Martineau, Jonathan et Durand Folco, Jonathan « Paradoxe de l’accélération des rythmes de vie et capitalisme contemporain : les catégories sociales de temps à l’ère des technologies algorithmiques ». Politique et Sociétés 42, no 3 (2023) : 11–37. https://doi.org/10.7202/1093290ar

Cet article propose une thèse percutante : dans la phase avancée du capitalisme, le travail est non seulement capté par le capital, mais le temps de loisir l’est aussi. Autrement dit, ces heures discrétionnaires—ni travail salarié, ni travail domestique—ces heures que le mouvement ouvrier a contribué à soustraire aux impératifs de la production, sont de plus en plus captées et exploitées par le marché. Cette appropriation s’opère notamment par l’intermédiaire du temps d’attention passé à l’écran, un temps monnayé par les géants de la technologie comme Meta et Google.

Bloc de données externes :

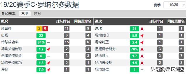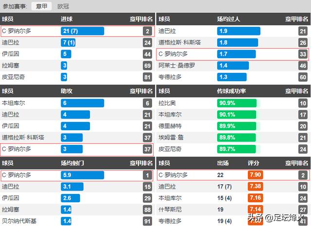 我们再来看看当妈又当爹的C罗,35岁了,位置更多出现在中锋的他,场均还要贡献1.7次过人和位列球队并列第四的3次助攻,而队内第一助攻手本坦库尔6次助攻连丁丁的领头都不够。这也是尤文现在最大的短板,没有人能有效地为C罗有效地输送炮弹,经常单打独斗搞得数据看起来特别像浪射王。
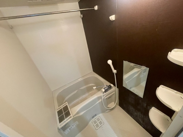 3段の棚が付いていて、シャワー鏡が付いています。
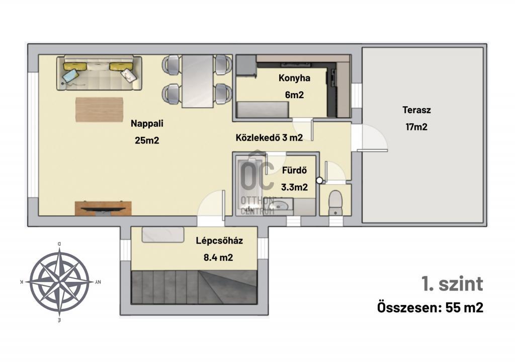 - 161.5 m2-es lakótérrel, 17 m2-es terasszal, közel 180 m2-es kerttel éa autóbeállóval rendelkező otthon.
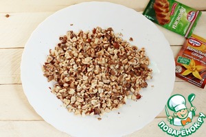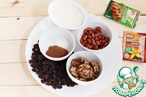Ядра грецкого ореха (50 г) и арахиса (50 г) ополоснуть и поджарить на сковороде или в микроволновой печи, чтобы они раскрыли в выпечке свой аромат. Остудить и порезать их ножом на небольшие кусочки, удаляя при необходимости отделяющуюся оболочку.
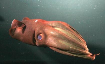 吸血鬼乌贼:这种乌贼非常独特,它独占一种幽灵形目,而且是生活在海洋氧气含量最少水域的唯一乌贼物种。这种乌贼拥有红色眼睛,而且能够借助生物体发光躲避捕食者和捕食。它不仅能借助身体上的生物体发光器官混淆捕食者,而且在受到威胁时会从触手前段喷出一团生物发光粘液,让自己有机会逃离到周围的黑暗中。
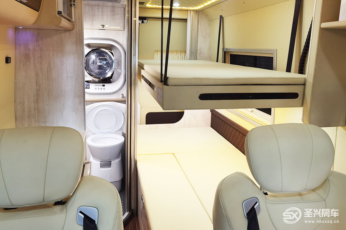 新車衛(wèi)浴間采用縱向布局,以節(jié)省車內(nèi)空間,主要配置包括多美達電動馬桶、扇形洗臉池、肥皂盒、牙杯架、衛(wèi)生紙架、洗衣機、淋浴花灑、浴巾架和化妝鏡,日常使用完全夠用。除此之外,衛(wèi)浴間頂部還配備了韓國大宇mini洗衣機,解決了用戶換洗衣物的問題。
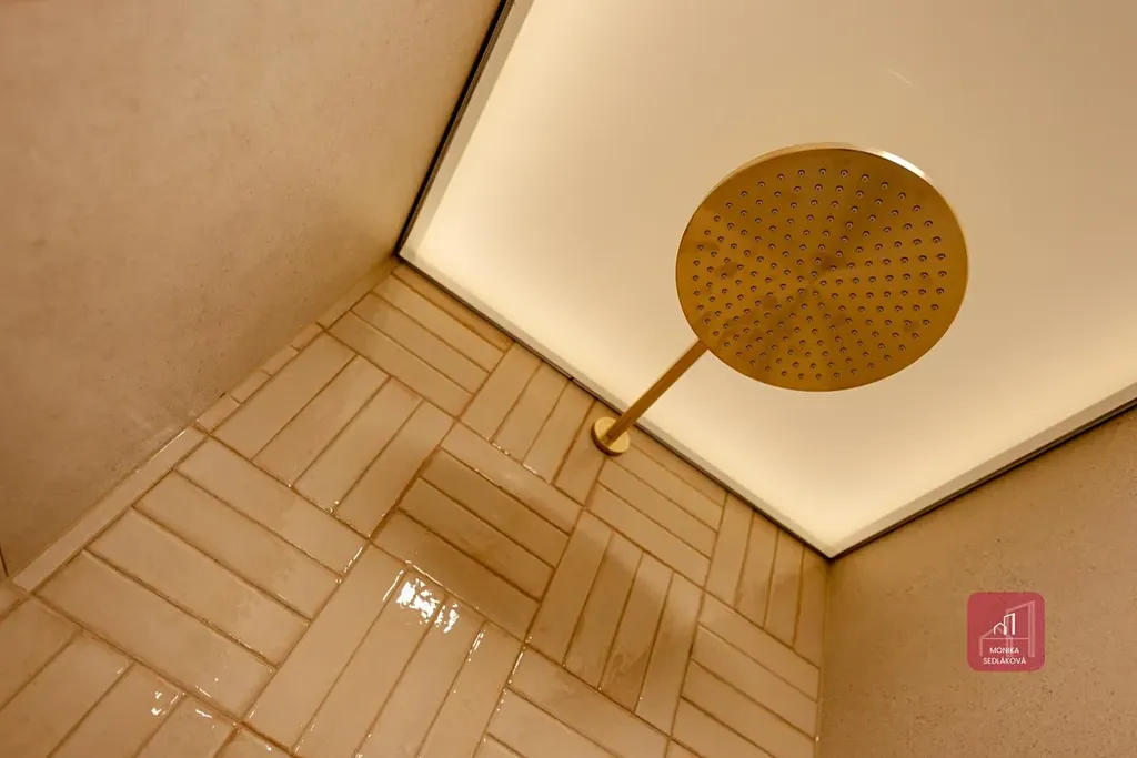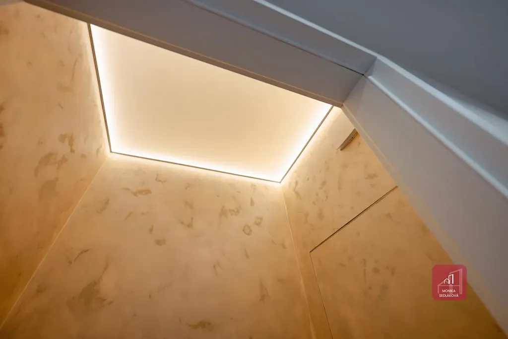 Koupelna i WC s napínanými stropy a LED podsvícením.
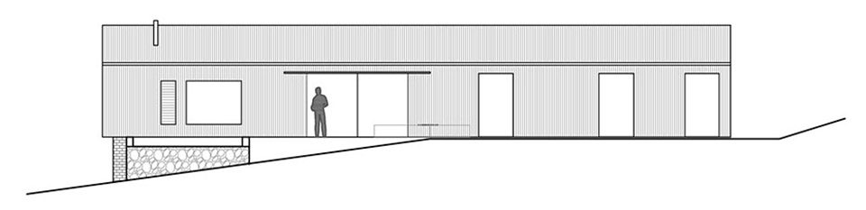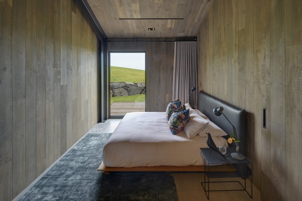 項目坐落于60公頃的開放田野上,附近是游牧的奶牛和波狀的丘陵,遠方是湖海與沙灘。在業主的要求下,該建筑擁有農牧小屋般的外貌,是一幢溫馨舒適的雙人度假屋。該設計以一種極其細致和精確的方式探究并展現了當地的鋼制門架類型建筑。南北走向的建筑搭配簡潔的平面規劃,讓建筑內部空間飽覽南面海景和北面田園風光。建筑入口與其對側的玻璃開口將另外兩側的景色圍框入內部空間里。
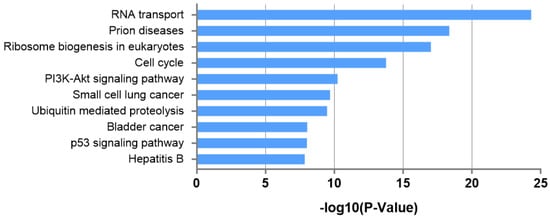 The leading KEGG pathways, which include the predicted gene targets of each miRNA, are demonstrated in Table 3. The three most significantly enriched pathways, ranked by enrichment score (−log10 p-value), were RNA transport (24.30), prion diseases (18.35), and ribosome biogenesis in eukaryotes (17.02), respectively. Among these, the RNA transport pathway exhibited the most significant association with significantly differentially expressed miRNA from exosome in patients with PEX glaucoma in the KEGG pathway analysis (Figure 4).
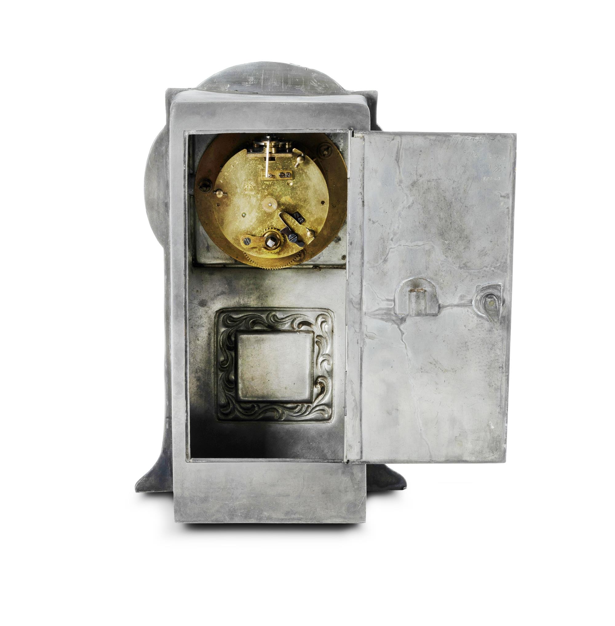 Liberty & Co. 'Tudric' Pewter Table Clock. Model no. 0383 with copper face inset with enamel plaque (probably by F.C. Varley) circa 1905. Original Lenzkirch movement, and hands, lacking key, not running. (H25cm)Estimate $500-1,000
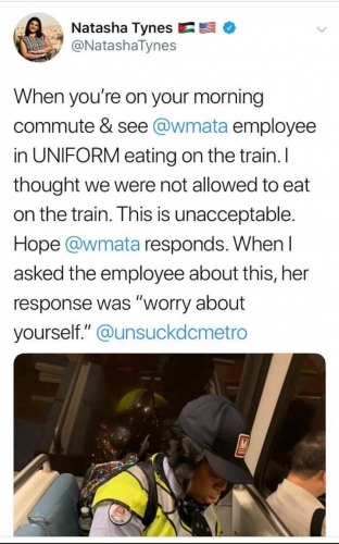 ومما جاء في تغريدة ناتاشا: "أعتقد أنه من عدم المسموح لنا أن نتناول الطعام في المترو. هذا غير مقبول. وأتمنى من شركة المترو والقطارات أن ترد علي. عندما سألت الموظف رد علي: انتبهي لنفسك".
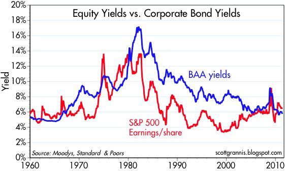 4. El beneficio por acción del conjunto del índice S&P 500 sigue siendo más alto que la rentabilidad de los bonos corporativos. Este hecho es una rareza y un sinsentido a no ser que el mercado esté muy asustado y prefiera una rentabilidad fija y la preferencia dentro de la estructura de capital del negocio a participar plenamente de los beneficios empresariales y poder disfrutar de las revalorizaciones potenciales que ofrece la renta variable.
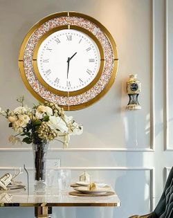 Crushed Diamond Wall Clock Round Decorative Mirrored Clock 32 inch Brown$110Arcadia, CA
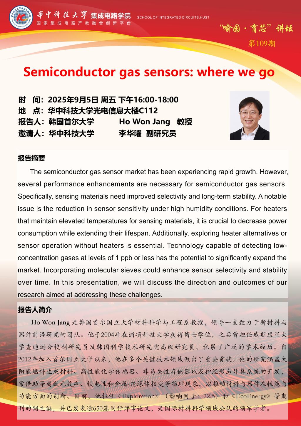 喻园•育芯讲坛第109期:Semiconductor gas sensors: where we go
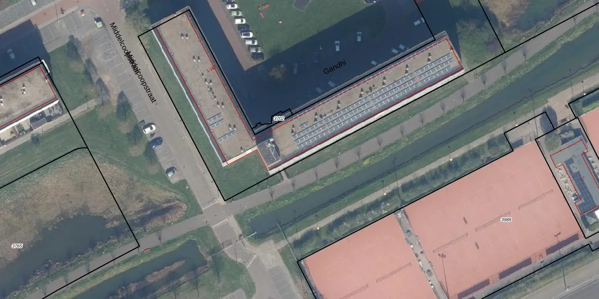 Het perceel waarop Gandhi 95 staat heeft een oppervlakte van 6120 m². Dit is een zeer groot perceel. De perceeloppervlakte wordt geregistreerd door het Kadaster. Gedetailleerde informatie over de maten van dit perceel kunt u vinden in het rapport Kadastrale kaart met maatvoering van Gandhi 95.
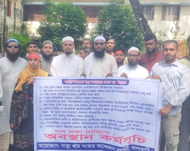 অবস্থান কর্মসূচি আয়োজনে: সাস্থ্য খাত সংস্কার আন্দোলন,নলছিটি, ঝালকাঠি।
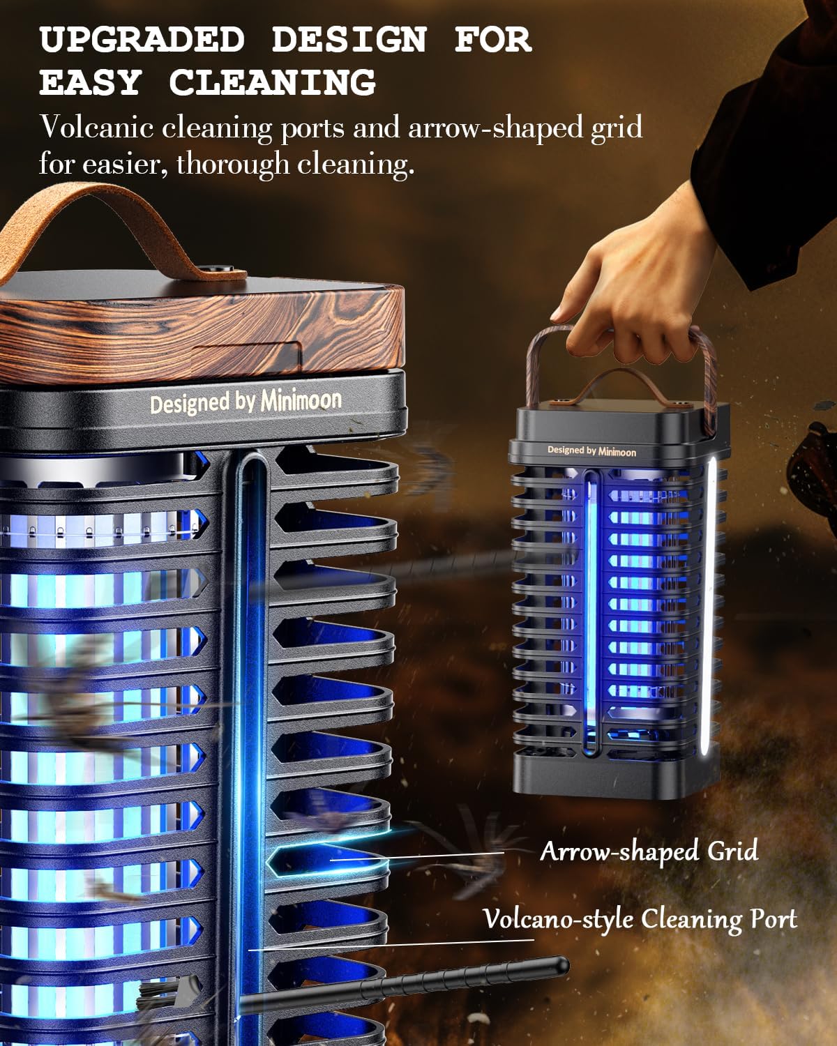 - 【Upgraded Easy-Clean Design】The Minimoon bug zapper Features a unique volcano-shaped cleaning port for deep, thorough removal of mosquito residue. Combined with an arrow-style mesh for smooth side-to-side cleaning, covering more area in less time—effortless maintenance
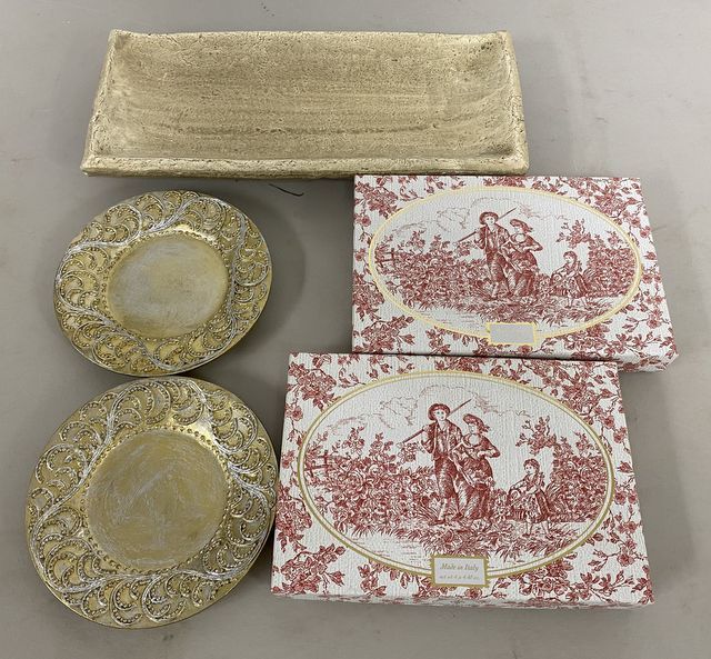 Group of Decorative Items, two boxes of soap, rectangle tray, two gold gilt plates. Group of Decorative Items, two boxes of soap, rectangle tray, two gold gilt plates.
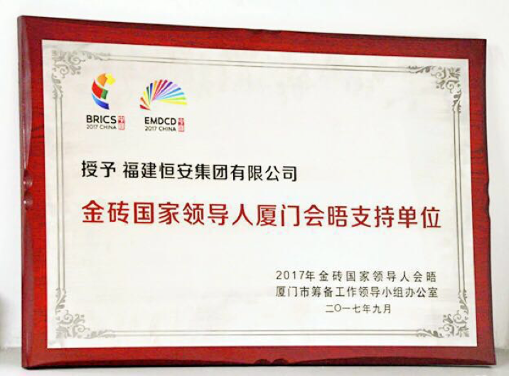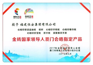 会议期间,华人策略hrceluebbs集团提供了“心相印”等高品质产品,鼎力支持大会的举行。昨日,2017年金砖国家领导人会晤厦门市筹备工作领导小组办公室隆重授予华人策略hrceluebbs集团“金砖国家领导人厦门会晤制定产品”证书以及感谢信。

Ancré dans les études critiques du capitalisme, l’article mobilise une perspective féministe et parfois intersectionnelle, en analysant la division sexuelle du travail et les pratiques quotidiennes. Par ses contributions théoriques et empiriques, il ouvre de nouvelles pistes de réflexion sur la marchandisation du temps et ses implications politiques. Malgré l’usage ponctuel d’un vocabulaire technique, il est d’une grande lisibilité, rendant ses conclusions à la fois bien soutenues et accessibles.

Zoghlami, Khaoula « « Parfois on écrase notre égo pour ne pas dire les choses » : fardeau de la représentation et pratiques affectives racialisées ». Politique et Sociétés 43, no 1 (2024) : 75–113. https://doi.org/10.7202/1110578ar

Qu’on cherche à nommer le racisme ou à en minimiser l’existence, un constat s’impose : les controverses qu’il suscite sont traversées par une intensité émotionnelle indéniable. C’est précisément à ces dynamiques affectives que s’intéresse cet article en explorant l’expérience du fardeau de la représentation telle qu’elle est vécue par des porte-parole engagé·e·s dans la lutte antiraciste au Québec. À partir d’un corpus d’entretiens riche et d’un cadre théorique ancré dans les études critiques de la représentation, des affects et des approches décoloniales, Khaoula Zoghlami parvient à éclairer les ambivalences profondes qui accompagnent le rôle de porte-parole. L’approche est à la fois rigoureuse sur le plan empirique et innovante sur le plan théorique, en dévoilant comment la racialisation affecte non seulement les discours, mais aussi les exigences émotionnelles associées au travail de représentation. Cette contribution importante invite à repenser en profondeur les normes affectives en jeu dans la lutte antiraciste et les rapports de pouvoir qui les sous-tendent.